Kesenian ini baru tampil setelah Imam bersama para seniman di Bojonegoro menggagas agar seni Sandur bisa ditampilkan kembali. Akhirnya Sandur bisa kembali tampil di acara Badan Pembina Pendidikan Pelaksanaan Pedoman Penghayatan dan Pengamala Pancasila (BP-7) di Bojonegoro sekitar 1996. “Jadi, saya yang kembali menampilkan,” ujarnya.
Dahulu, kata Imam, kesenian rakyat dengan jumlah pemain sekitar 25 orang ini digelar untuk mengucapkan syukur seusai panen raya. Ceritanya, berisi himbauan seputar masalah sosial dan lingkungan, seperti melarang menebang hutan, dan menyuruh berbuat baik sesama manusia.
Imam mengyebut kesenian sandur sebagai teater tradisional. Tokoh utamanya ada lima orang yaitu Pangsil, Petak, Balong, Cawik, dan Germo. Pangsil menggambarkan orang kaya yang sombong. Petak, Balong, dan Cawik (perempuan) menggambarkan rakyat biasa dan lugu. Sementara Germo bertugas sebagai pengatur lakon. Kelima tokoh utama ini didampingi panjak hore memegang alat musik dan menyanyi.
Penggiat Budaya Bojonegoro Aries Harijanto mengatakan kesenian Sandur sempat vakum beberapa tahun silam. Nasibnya sama dengan kesenian lain, seperti Wayang Potehek, dan lainnya. Menurutnya, pertunjukan kesenian ini menggambarkan kemakmuran karena tampil usai panen raya. “Tentu ini, kesenian rakyat yang perlu dilestarikan,” tegasnya pada Tempo, Senin, 22 Mei 2016.
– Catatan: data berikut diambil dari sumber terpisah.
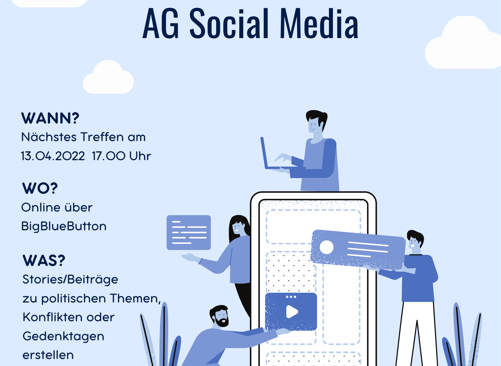 Hallo, am Mittwoch, den 13. April 17.00 Uhr treffen wir uns wieder in unserer AG Social Media, um die nächsten Stories und Beiträge zu unseren politischen Themen und Veranstaltungen zu planen. Wir freuen uns, wenn du dabei bist. Melde dich einfach bei und und du bekommst am Mittwoch Vormittag den Link zum Onlinetreffen.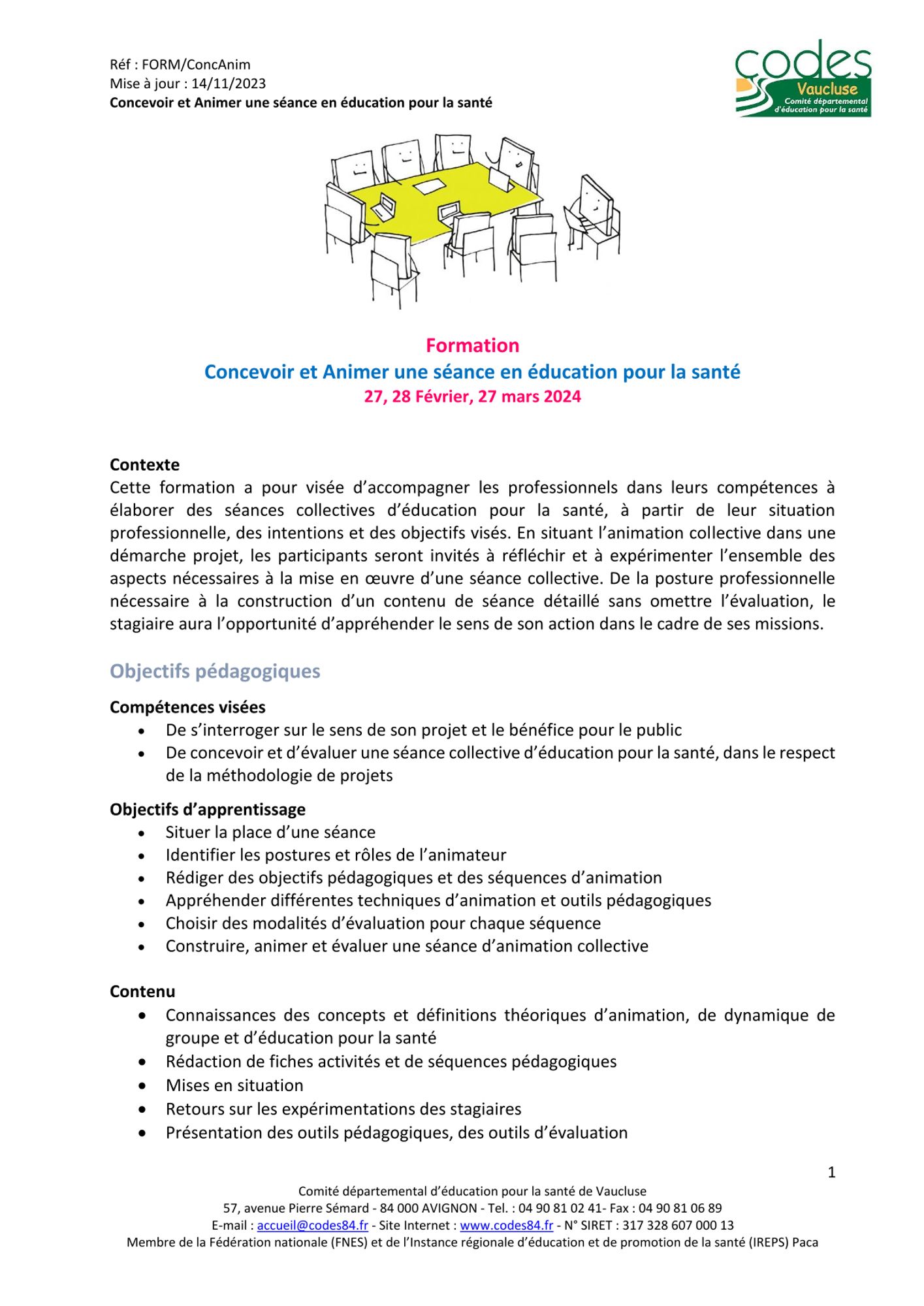 - De concevoir et d’évaluer une séance collective d’éducation pour la santé, dans le respect de la méthodologie de projets

Kepala Badan Kesatuan Bangsa Politik dan Perlindungan Masyarakat (Bakesbangpol Linmas) Kusbiyanto mengatakan, bahwa Bojonegoro kini telah mendapatkan status dengan predikat Human Rights City atau sebagai Kota Ramah Hak Asasi Manusia (HAM), oleh Pemerintah Republik Indonesia pada 11 Desember 2015 lalu. Kabupaten ini termasuk 138 kabupaten/kota—dari total 514 kabupaten/kota di Tanah Air yang dinilai ramah HAM. “Tentu kita menjaga predikat itu,” katanya pada Tempo, Senin, 22 Mei 2016.
Soal kesenian tradisional Sandur, lanjut Kusbiyanto, secara tertulis Pemerintah tidak pernah melarang. Hanya saja kesenian Sandur, diakui jarang dipentaskan sejak 1965 hingga 1990-an. Bisa jadi, saat itu orang takut dituding macam-macam, meski hal itu tidak ada. Tentu, Bojonegoro dengan Kota ramah HAM, tetap menghormati produk kesenian rakyat, karena berisi pesan-pesan moral yang baik.”Tetap kita jaga itu,” ujar Kusbiyanto.